• [Exercise requirements]
Repeat the data that follows exactly, starting at the line with "- Highly portable- Nesting" and ending at the line with "وأكدت الوزارة أن", and leave out every picture.

• [Task inputs]
+===+

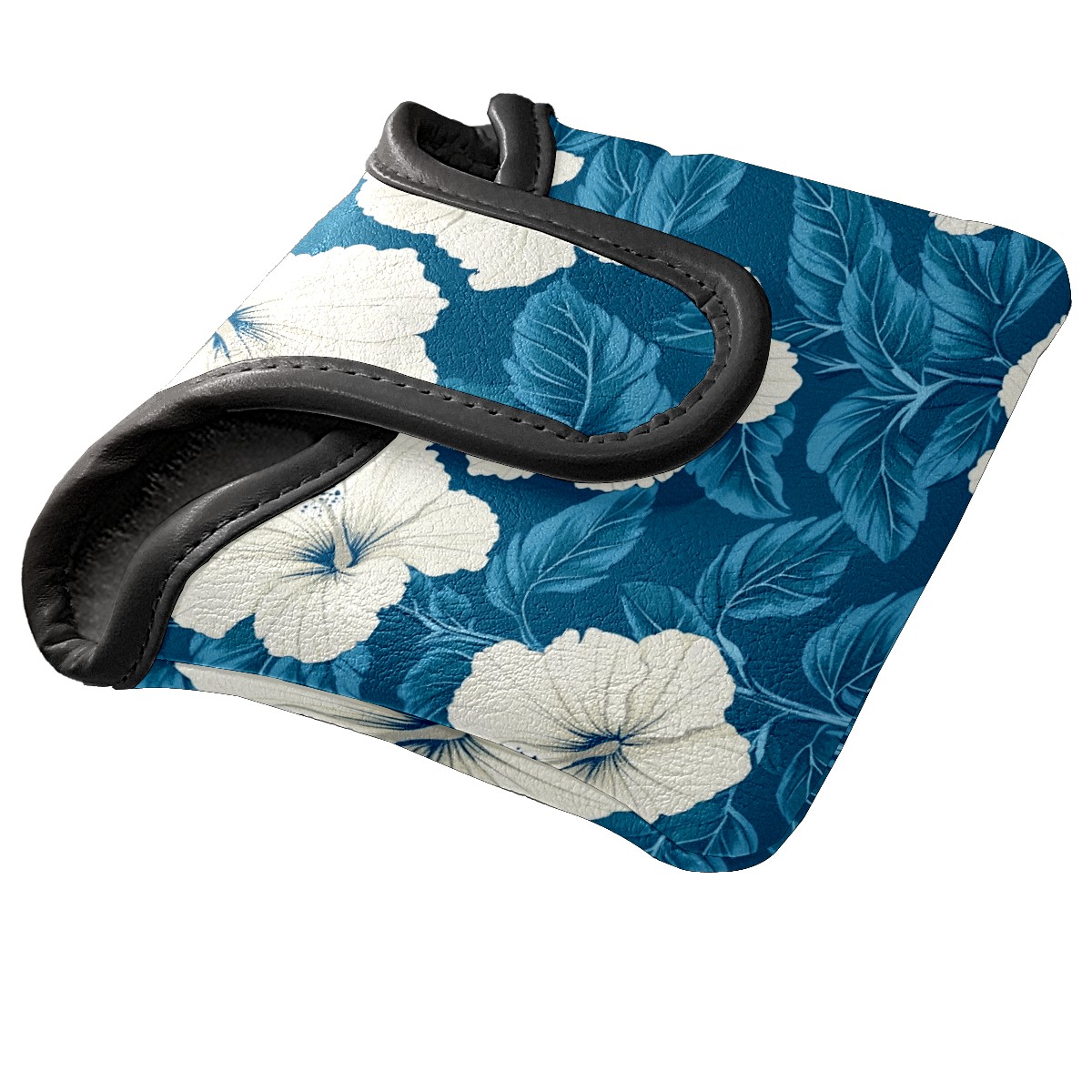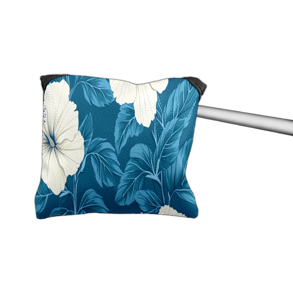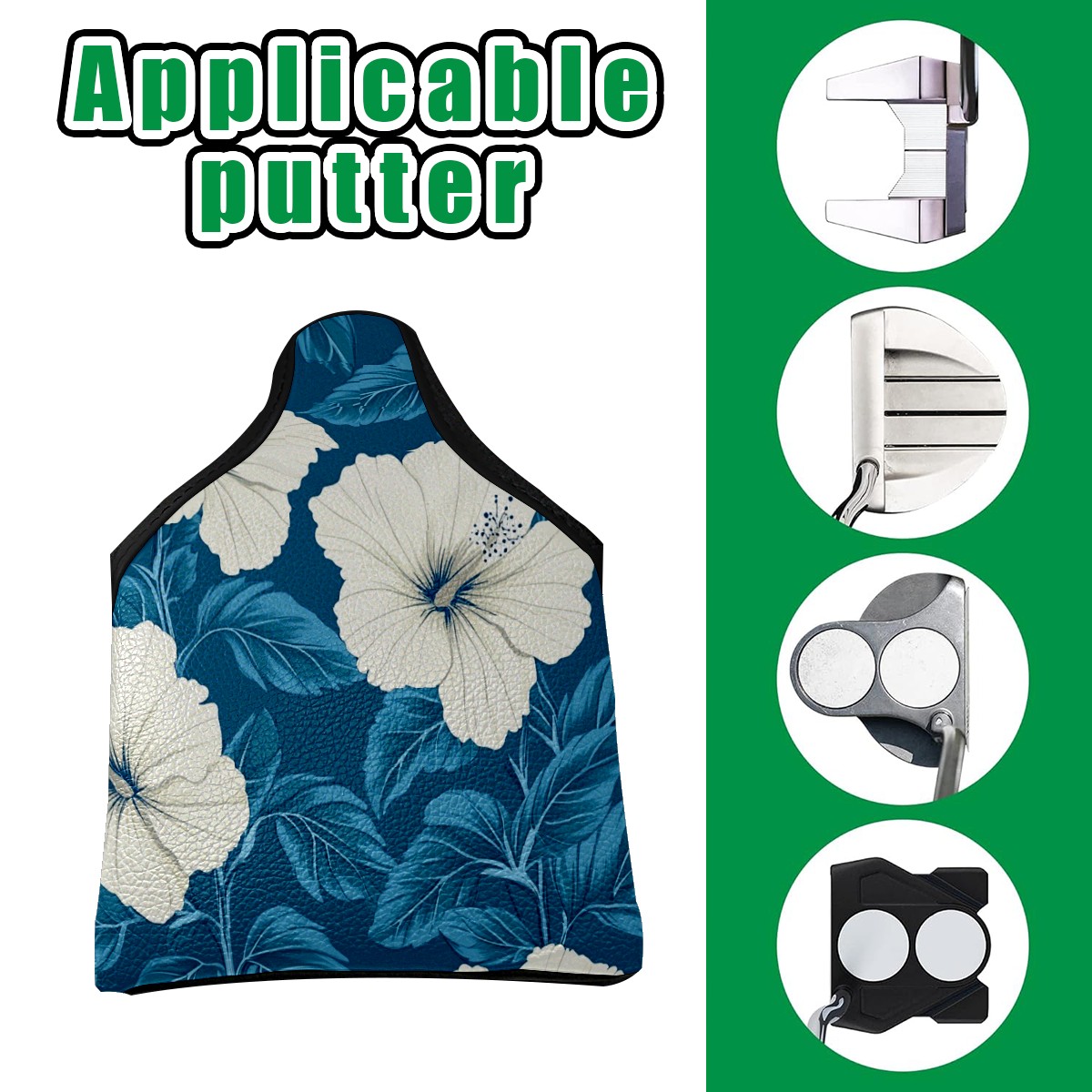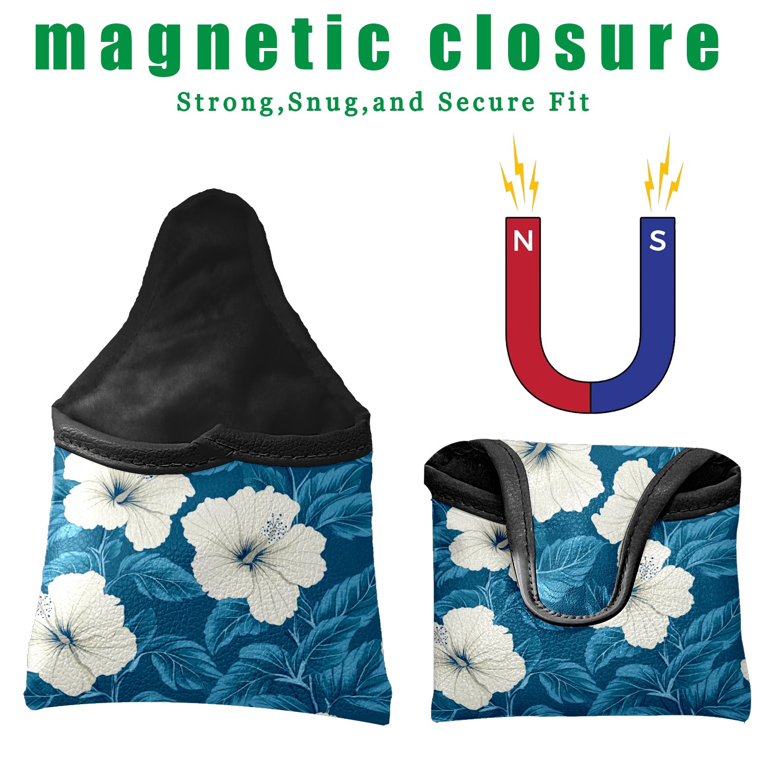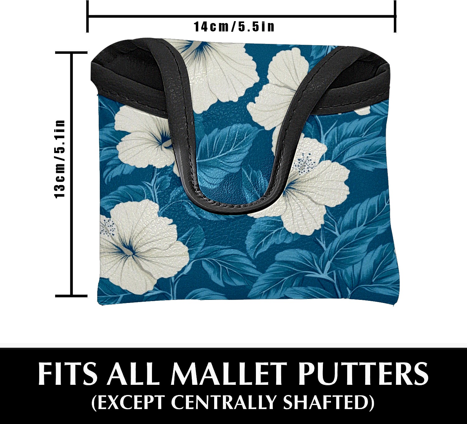 Mallet Putter Cover,Golf Club Head Cover, PU Leather Iron Head Covers Set Gift for Travel Cases Protector Fit Most, Easily Slips on and Secures White Hibiscus Flowers
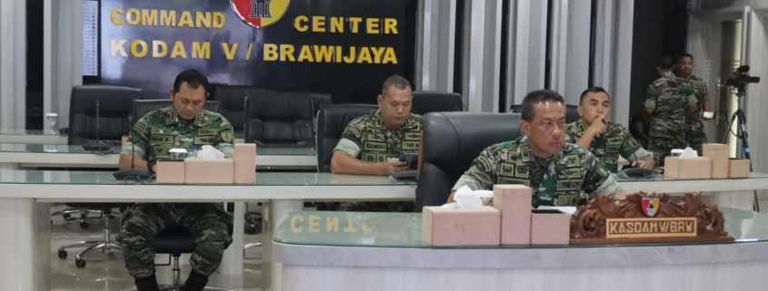 Surabaya,- Kasdam V/Brawijaya, Brigjen TNI Terry Tresna Purnama, S.I.Kom, M.M, mengikuti rakor pembentukan Satgas Gugus Tugas Kedaulatan Pangan TNI secara virtual dari ruang ruang Command Center Makodam V/Brawijaya, Surabaya, Jumat (25/07/2025).
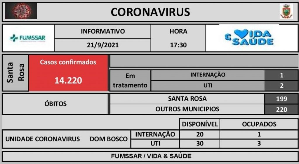 Boletim - NOVO Coronavírus (COVID-19) COVID-19 Notícias BOLETIM COVID-19 21 de setembro de 2021 Continue Reading Previous Santa Rosa vacinou 75% da população contra a COVID-19Next BOLETIM COVID-19
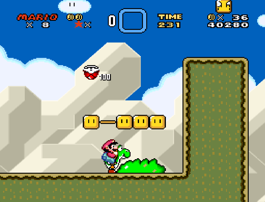 Super Mario World, on the other hand, had a different motivation, and his name was Yoshi. As fun as it was to find Yoshi, feed and grow him, and ride joyfully through the stages, it was equally as painful when I inevitably lost him. Oh, the frustration of chasing him across the screen only to see him fall to his untimely demise, leaving me stranded and emotionally distraught. It was the first of many emotional responses.
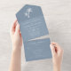 Palm Tree Dusty Blue Tropical Beach Wedding All In One Invitation
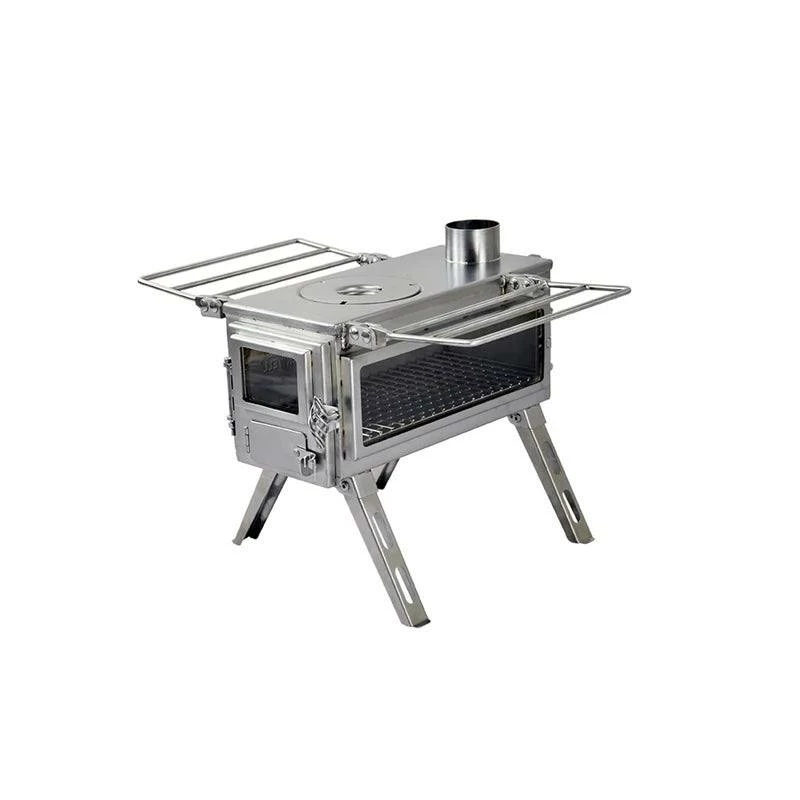 - Highly portable- Nesting legs and shelves fold flat to the stove body; 5 pipe sections, spark arrestor, and an ash scraper stow inside the stove body
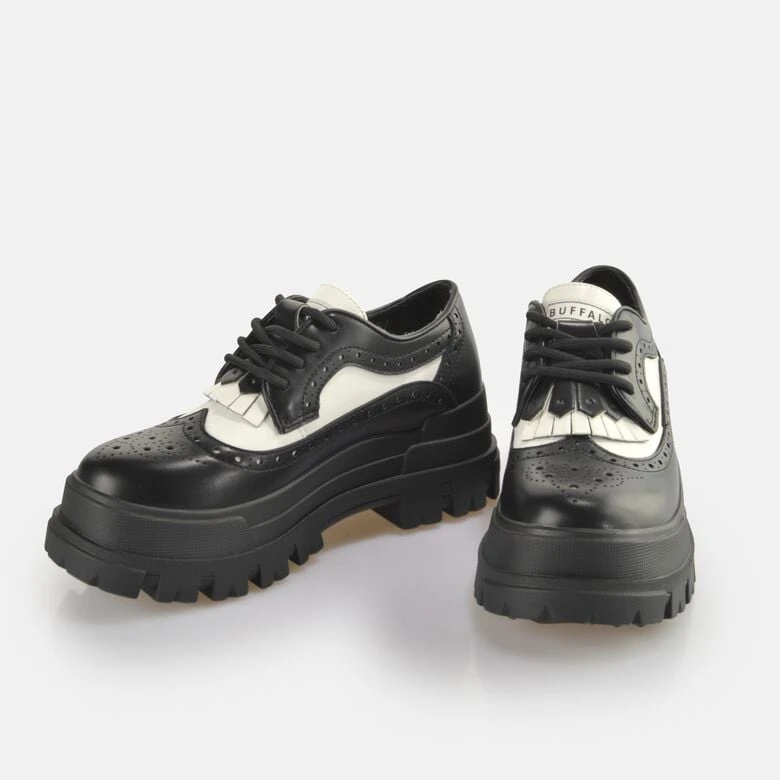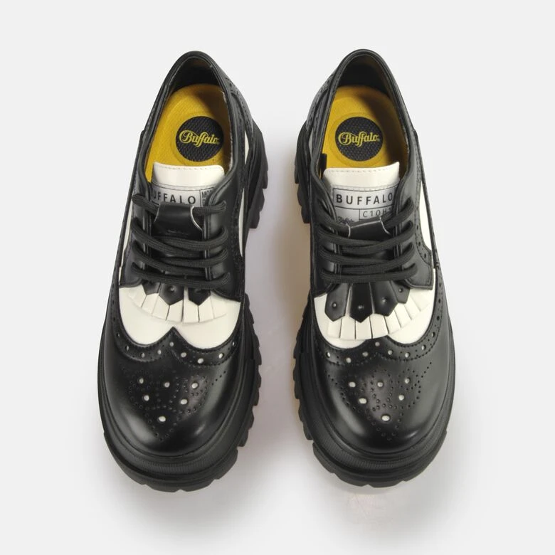 Werde mit dem chunky Aspha Brogue Halbschuh zum absoluten Headturner. Der vegane Klassiker kommt in einem shiny Schwarz und weißen Highlights. Dazu sitzt er auf einer profilierten Laufsohle und sorgt für zuverlässigen Grip. Ein Wild Western Look wird mit coolen Details zu einem einzigartigen Style kombiniert. Die herausnehmbare Decksohle aus Memory Foam sorgt dabei für einen weichen Walk.
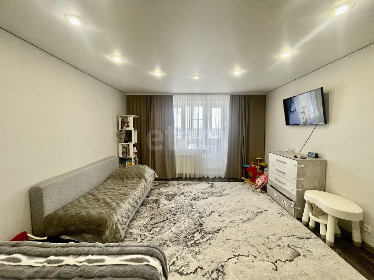 Во всех комнатах сделан ремонт, потолки натяжные, на полу линолеум.
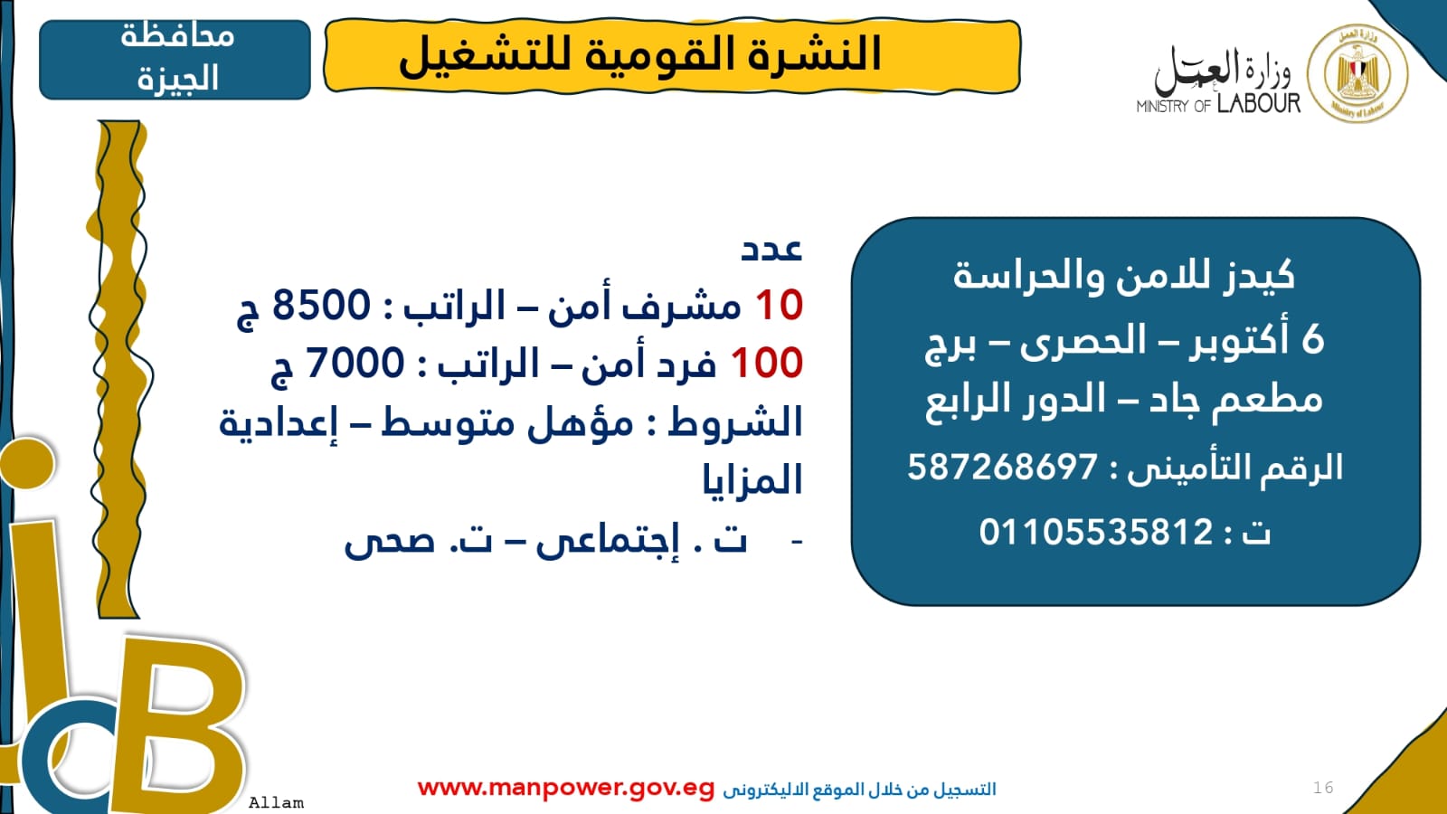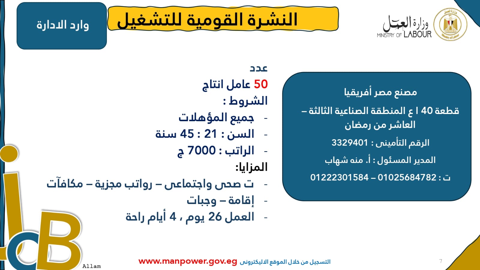 وأكدت الوزارة أن النشرة تتضمن مجموعة من الوظائف المخصصة لذوي الهمم، تنفيذًا لأحكام القانون رقم 10 لسنة 2018 بشأن حقوق الأشخاص ذوي الإعاقة، الذي يُلزم المنشآت بتخصيص نسبة 5% من إجمالي عمالها لهذه الفئة..
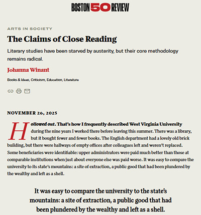 Johanna Winant’s moving ode to close reading is the perfect counterpoint to educators’ feelings of ennui and despair in the current technological and political moment. Winant was an instructor at West Virginia University, one of many institutions “hollowed out” by political and cultural forces. Winant, however, has been heartened by her experience of teaching students the time-tested, labor-intensive, and cognitively challenging task of close reading even in the context of the declining institution. Winant is obviously a skilled, patient teacher, but her commitment to practice and praxis is sure to inspire educators looking for a deeper reflection on why we do what we do. She contextualizes her argument in favor of the pedagogical importance of close reading in a “flurry of books” from the past few years, but she grounds her reflection in her experience working with the wide cross section of students at WVU, “trying to describe how teaching can feel magical” even as she understands the cliche. Part of that magic, as Winant understands, is that teaching means that one is “always learning” from and with one’s students; Winant’s essay is a beautiful encomium to the practice of learning. Winant is candid that writing about teaching is challenging—there’s always something ineffable in the alchemic classroom experience—but Winant’s close reading skills have also made her an incisive writer, and the piece is inspiringly thoughtful about what students learn when they’re taught, and inspired, to close read, to attend and to reflect. Indeed, Winant frames close reading as a practice of sense-making grounded in noticing and good-faith argument. Although Winant reaches for “magic” to describe the transformative power of teaching, she closes by noting that teaching students to close read is a tangible, practical, and necessary skill for the current moment; it is a practice with real power.
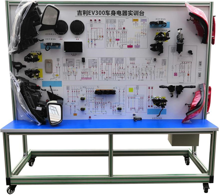 車身電腦、儀表、左前車窗電機(jī)、右前車窗電機(jī)、左后車窗電機(jī)、右后車窗電機(jī)、左前鎖塊、右前鎖塊、右后鎖塊、左后鎖塊、電源總開關(guān)、保險(xiǎn)絲盒、車窗組合開關(guān)、中控鎖開關(guān)、組合開關(guān)、左右前大燈總成、左右前霧燈、左右轉(zhuǎn)向燈、左右組合尾燈、牌照燈、燈光開關(guān)、倒車燈開關(guān)、危險(xiǎn)燈開關(guān)、剎車開關(guān)、雨刮總成、雨刮開關(guān)、雨刮繼電器、洗滌電機(jī)、喇叭、喇叭開關(guān)、電動(dòng)后視鏡與開關(guān)、音響與導(dǎo)航總成、音響揚(yáng)聲器(6寸200W)、DC12開關(guān)電源、點(diǎn)火開關(guān)、一體化全鋁合金型材搭建的移動(dòng)臺架(2040×650×1800mm (帶自鎖腳輪裝置,帶安裝檢測端子的原理面板,面板1988×1220mm)、故障設(shè)置和考核系統(tǒng)、設(shè)備操作說明書。

+===+

• [Exercise result]
 - Highly portable- Nesting legs and shelves fold flat to the stove body; 5 pipe sections, spark arrestor, and an ash scraper stow inside the stove body
 Werde mit dem chunky Aspha Brogue Halbschuh zum absoluten Headturner. Der vegane Klassiker kommt in einem shiny Schwarz und weißen Highlights. Dazu sitzt er auf einer profilierten Laufsohle und sorgt für zuverlässigen Grip. Ein Wild Western Look wird mit coolen Details zu einem einzigartigen Style kombiniert. Die herausnehmbare Decksohle aus Memory Foam sorgt dabei für einen weichen Walk.
 Во всех комнатах сделан ремонт, потолки натяжные, на полу линолеум.
 وأكدت الوزارة أن النشرة تتضمن مجموعة من الوظائف المخصصة لذوي الهمم، تنفيذًا لأحكام القانون رقم 10 لسنة 2018 بشأن حقوق الأشخاص ذوي الإعاقة، الذي يُلزم المنشآت بتخصيص نسبة 5% من إجمالي عمالها لهذه الفئة..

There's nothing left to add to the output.